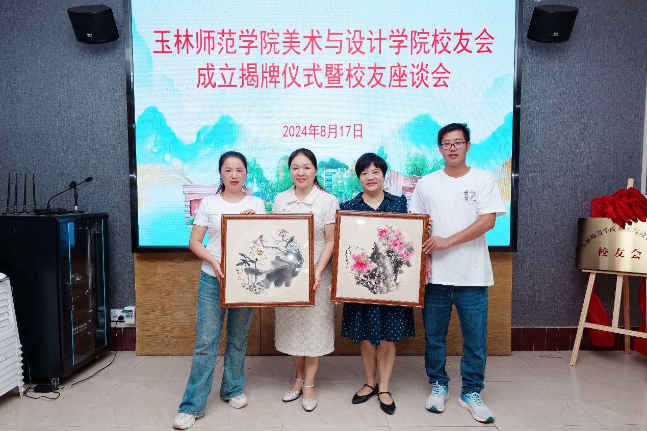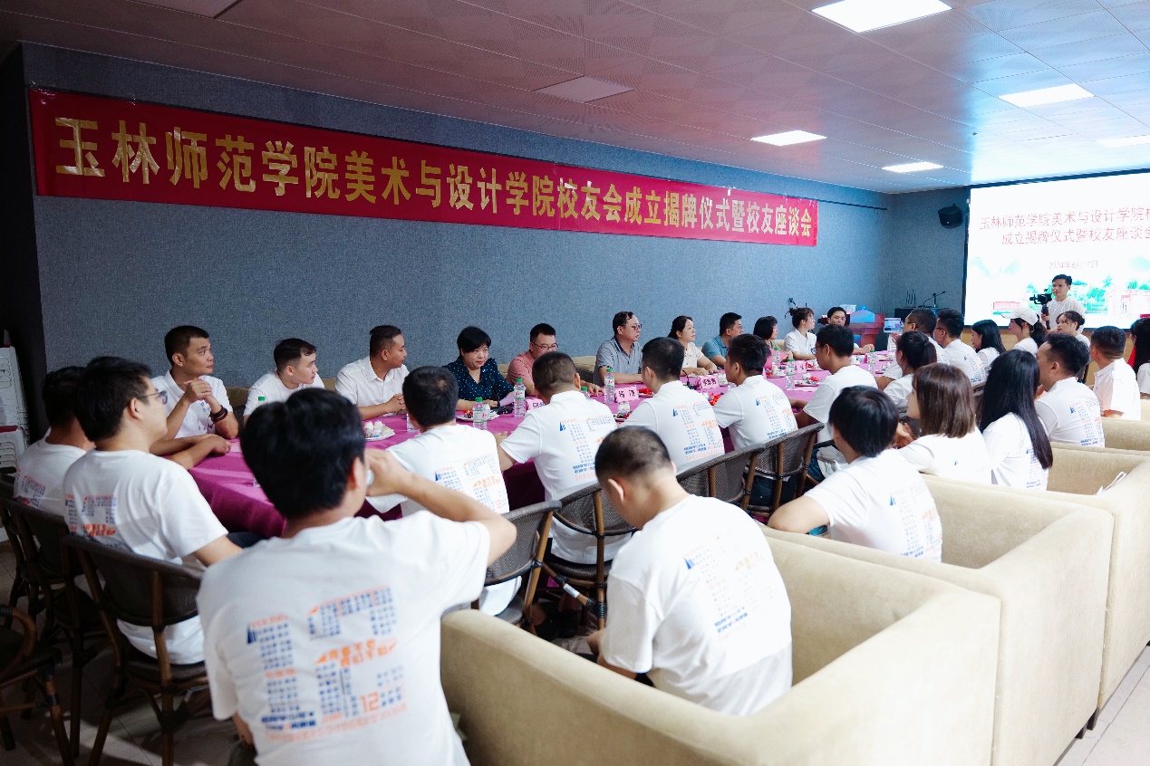 8月17日上午,美术与设计学院校友会成立揭牌仪式暨校友座谈会在东校区实训楼展厅会议室召开。广西玉林师范学院校友会秘书长、校友办主任、统战部副部长李家贵、学生工作处处长杨潇、后勤基建处处长欧斌、历史文化旅游学院党委副书记严耀燕等出席成立仪式。美术与设计学院领导班子、校友代表等60余人参加仪式。
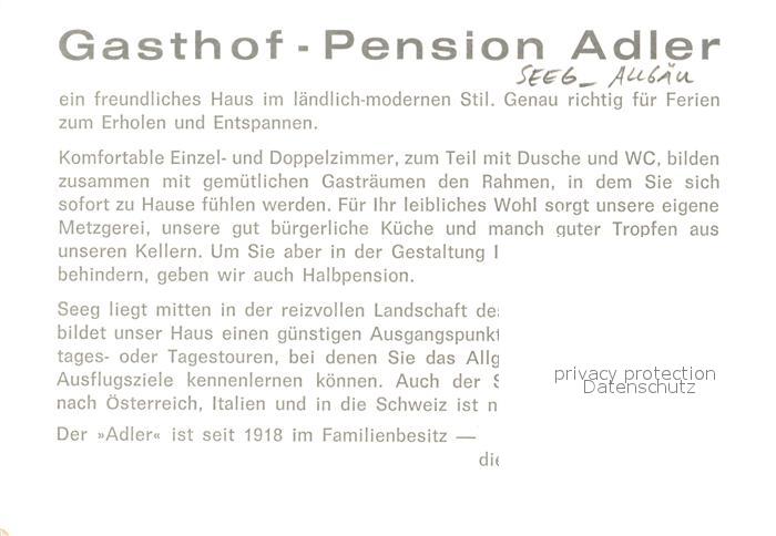 73542276 Seeg Gasthof Pension Adler postalisch nicht gelaufen Werbekarte (keine Postkarte) Erhaltung siehe scans [KathaD81] KatCode: 11110009777170
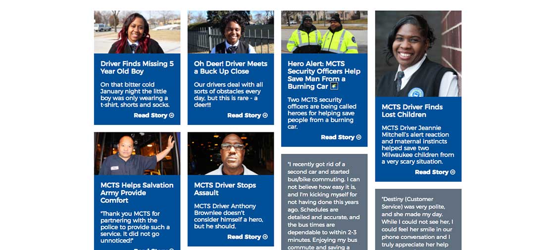 An Excellence section of the site showcases personal stories and rider experiences. These stories reflect the impact MCTS services and employees have on the community at large.
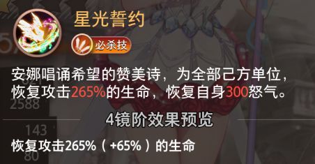安娜唱诵希望的赞美诗,为全部己方单位,恢复攻击265%的生命,恢复自身300怒气。
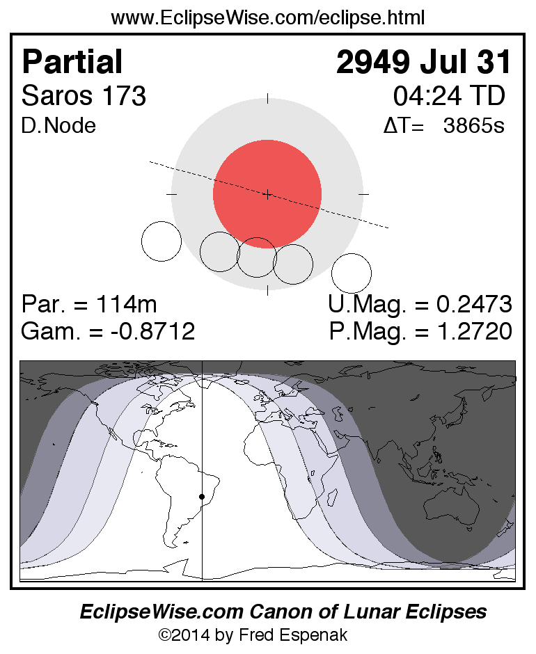 The partial lunar eclipse of 2949 Jul 31 is preceded two weeks earlier by a total solar eclipse on 2949 Jul 17.
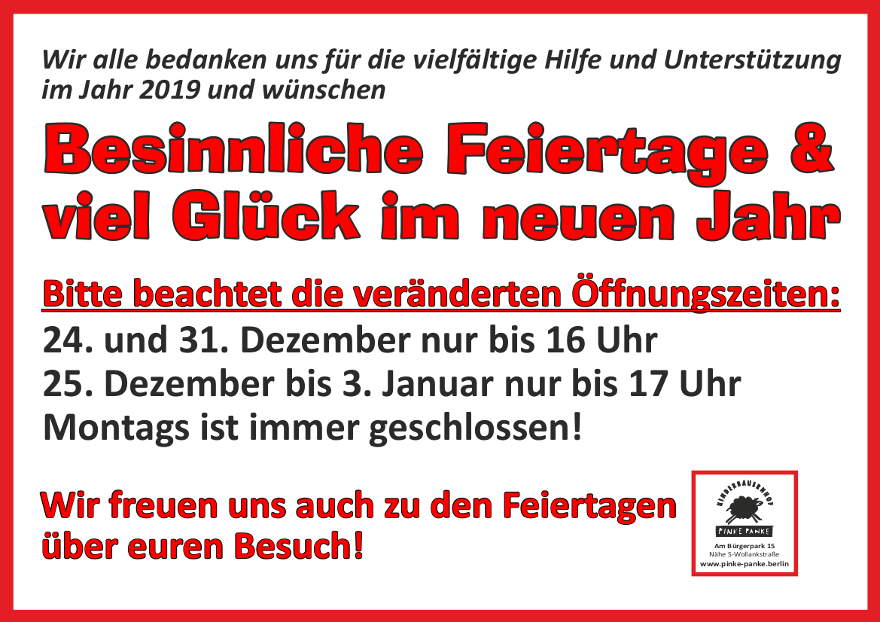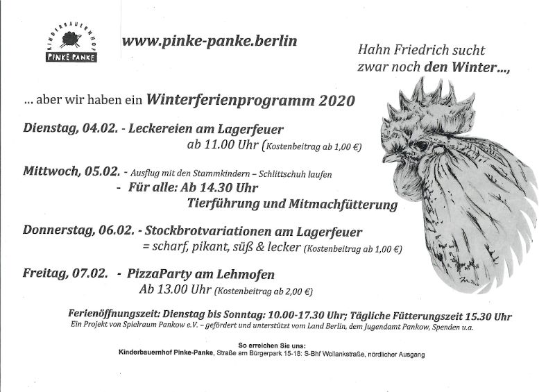 die Absage unseres Frühlingsfestes Ende März, des Kinderbauernhofgeburtstags Mitte Mai, sowie weiterer Veranstaltungen, vor allem aber das Ausbleiben der vormittäglichen Gruppen aus Kitas und Schulen bedeuten für den Kinderbauernhof Pinke-Panke erhebliche Einnahmeverluste, die vom Bezirk nicht ausgeglichen werden können.
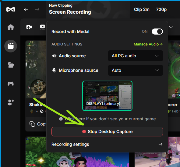 *To just record your game, simply open the game and Medal will start recording. Screen recording is good if you want to record non-game content or your game + other
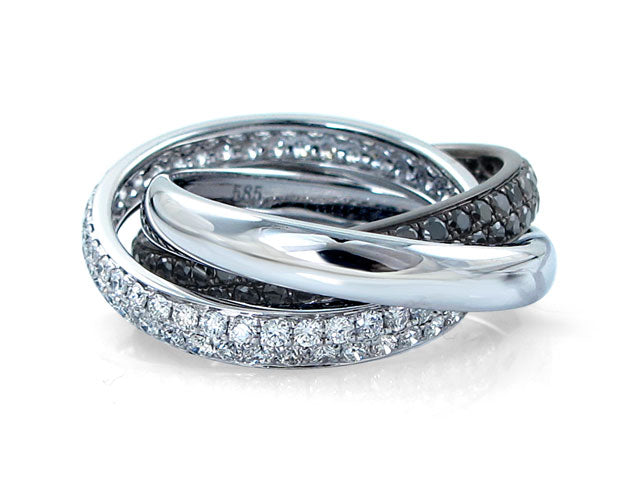 Trinity Ring With White and Black Diamonds - HANIKEN JEWELERS NEW-YORK
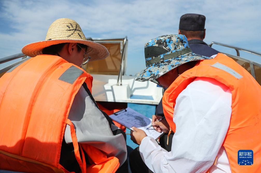 9月15日,武蓉(左)和馮琛通過地圖查看取樣點位。
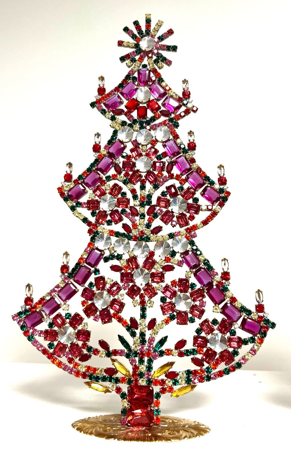 These special sparkly Czech Christmas trees showcase the elaborate designs Czechs are famous for... Between the mid-1920s and the 1950s, the jewels made in Czechoslovakia were heavily soldered with copper and pot metal, which is a mixture of semi-precious metals. That is what you see on the back of these super sparkly trees.
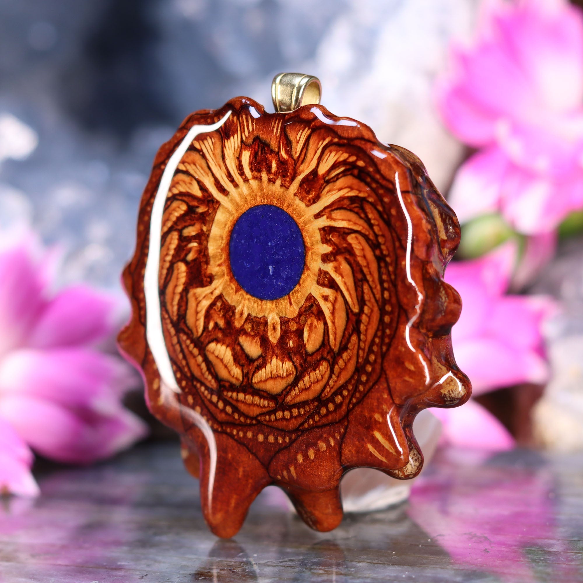 Crushed Lapis has been carefully mixed with a Phosphorescent Powder, then inlaid into the center of this unique pendant -- causing it to gently "Glow" in the dark, in addition to its vibrant color during the day!
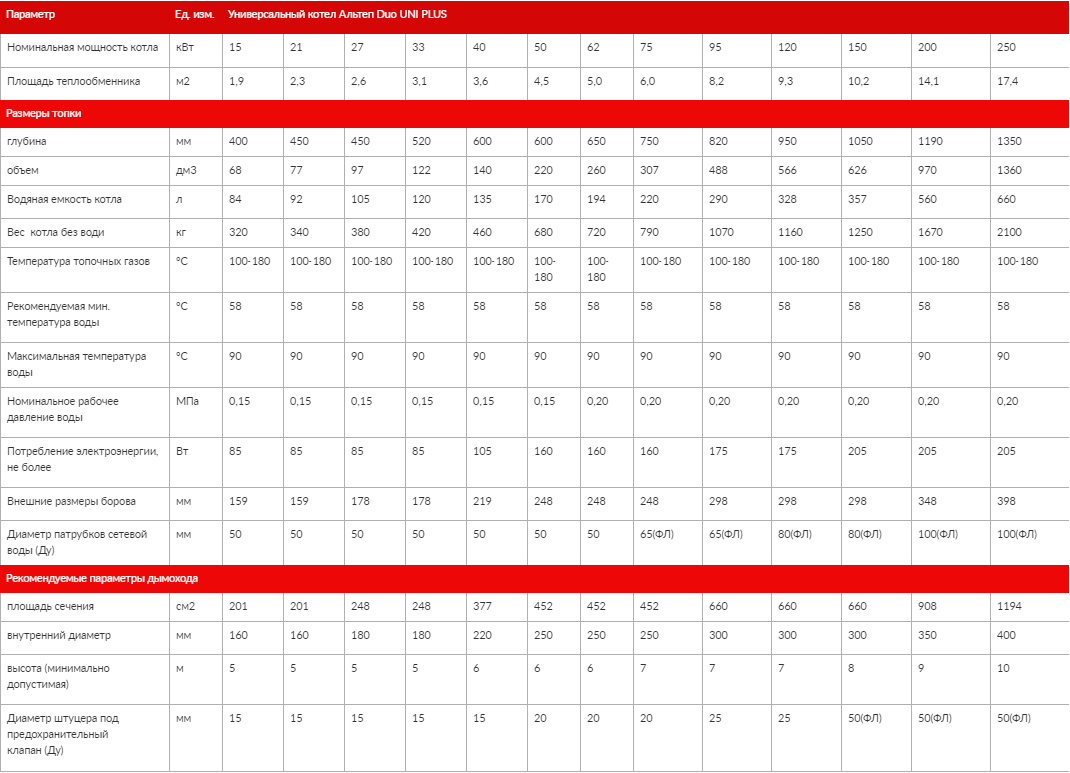 ТЕХНИЧЕСКИЕ ХАРАКТЕРИСТИКИ ДЛЯ СЕРИИ КОТЛОВ ДЛИТЕЛЬНОГО ГОРЕНИЯ ALTEP DUO UNI/DUO UNI PLUS
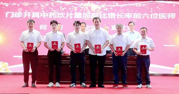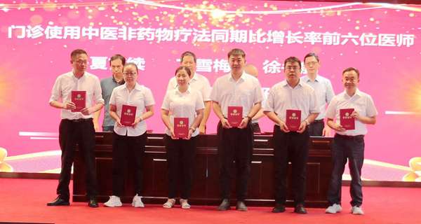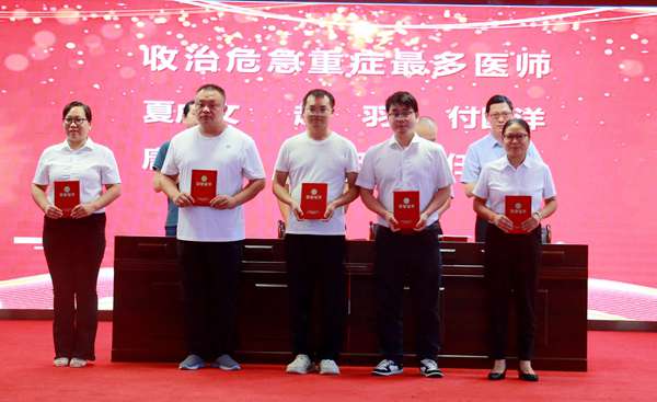 会上,副院长王诗才宣读了《关于对第八届中国医师节活动优胜集体和个人进行表彰的通知》,院领导分别为门诊工作量增长突出、中药饮片使用量增长前六、三四级手术表现优异、中医非药物疗法推广领先、支持保障得力、病例分析与技能操作优秀、收治危急重症最多及优秀质控员等多个奖项的获得者颁奖。这些荣誉既彰显了“技精于勤”的专业追求,也体现了“德馨于行”的服务初心。
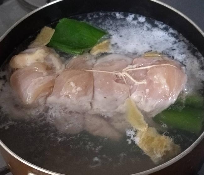 剥いでおいた鶏皮は小さく切ってカリカリに焼き、茹でた鶏にトッピングする。
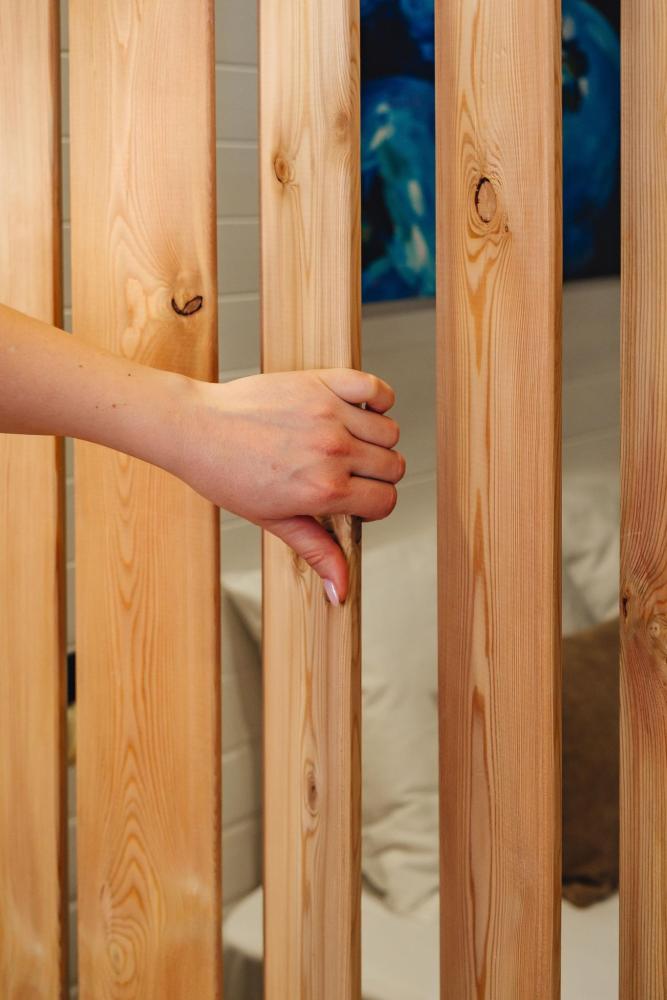Большая двуспальная кровать с ортопедическим матрасом, которую можно оградить жалюзи. Раскладной двухместный диван.
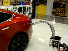 Американская компания Tesla Motors опубликовала в четверг видео с прототипом роботизированного зарядного устройства для электромобилей Tesla в виде почти метровой металлической змейки, которая мгновениями напоминает готовящуюся к атаке кобру.

[WORK REQUEST]
In your copy, include no pictures; print every line above exactly.

[SOLUTION]
 8月17日上午,美术与设计学院校友会成立揭牌仪式暨校友座谈会在东校区实训楼展厅会议室召开。广西玉林师范学院校友会秘书长、校友办主任、统战部副部长李家贵、学生工作处处长杨潇、后勤基建处处长欧斌、历史文化旅游学院党委副书记严耀燕等出席成立仪式。美术与设计学院领导班子、校友代表等60余人参加仪式。
 73542276 Seeg Gasthof Pension Adler postalisch nicht gelaufen Werbekarte (keine Postkarte) Erhaltung siehe scans [KathaD81] KatCode: 11110009777170
 An Excellence section of the site showcases personal stories and rider experiences. These stories reflect the impact MCTS services and employees have on the community at large.
安娜唱诵希望的赞美诗,为全部己方单位,恢复攻击265%的生命,恢复自身300怒气。
 The partial lunar eclipse of 2949 Jul 31 is preceded two weeks earlier by a total solar eclipse on 2949 Jul 17.
 die Absage unseres Frühlingsfestes Ende März, des Kinderbauernhofgeburtstags Mitte Mai, sowie weiterer Veranstaltungen, vor allem aber das Ausbleiben der vormittäglichen Gruppen aus Kitas und Schulen bedeuten für den Kinderbauernhof Pinke-Panke erhebliche Einnahmeverluste, die vom Bezirk nicht ausgeglichen werden können.
 *To just record your game, simply open the game and Medal will start recording. Screen recording is good if you want to record non-game content or your game + other
 Trinity Ring With White and Black Diamonds - HANIKEN JEWELERS NEW-YORK
 9月15日,武蓉(左)和馮琛通過地圖查看取樣點位。
 These special sparkly Czech Christmas trees showcase the elaborate designs Czechs are famous for... Between the mid-1920s and the 1950s, the jewels made in Czechoslovakia were heavily soldered with copper and pot metal, which is a mixture of semi-precious metals. That is what you see on the back of these super sparkly trees.
 Crushed Lapis has been carefully mixed with a Phosphorescent Powder, then inlaid into the center of this unique pendant -- causing it to gently "Glow" in the dark, in addition to its vibrant color during the day!
 ТЕХНИЧЕСКИЕ ХАРАКТЕРИСТИКИ ДЛЯ СЕРИИ КОТЛОВ ДЛИТЕЛЬНОГО ГОРЕНИЯ ALTEP DUO UNI/DUO UNI PLUS
 会上,副院长王诗才宣读了《关于对第八届中国医师节活动优胜集体和个人进行表彰的通知》,院领导分别为门诊工作量增长突出、中药饮片使用量增长前六、三四级手术表现优异、中医非药物疗法推广领先、支持保障得力、病例分析与技能操作优秀、收治危急重症最多及优秀质控员等多个奖项的获得者颁奖。这些荣誉既彰显了“技精于勤”的专业追求,也体现了“德馨于行”的服务初心。
 剥いでおいた鶏皮は小さく切ってカリカリに焼き、茹でた鶏にトッピングする。
Большая двуспальная кровать с ортопедическим матрасом, которую можно оградить жалюзи. Раскладной двухместный диван.
 Американская компания Tesla Motors опубликовала в четверг видео с прототипом роботизированного зарядного устройства для электромобилей Tesla в виде почти метровой металлической змейки, которая мгновениями напоминает готовящуюся к атаке кобру.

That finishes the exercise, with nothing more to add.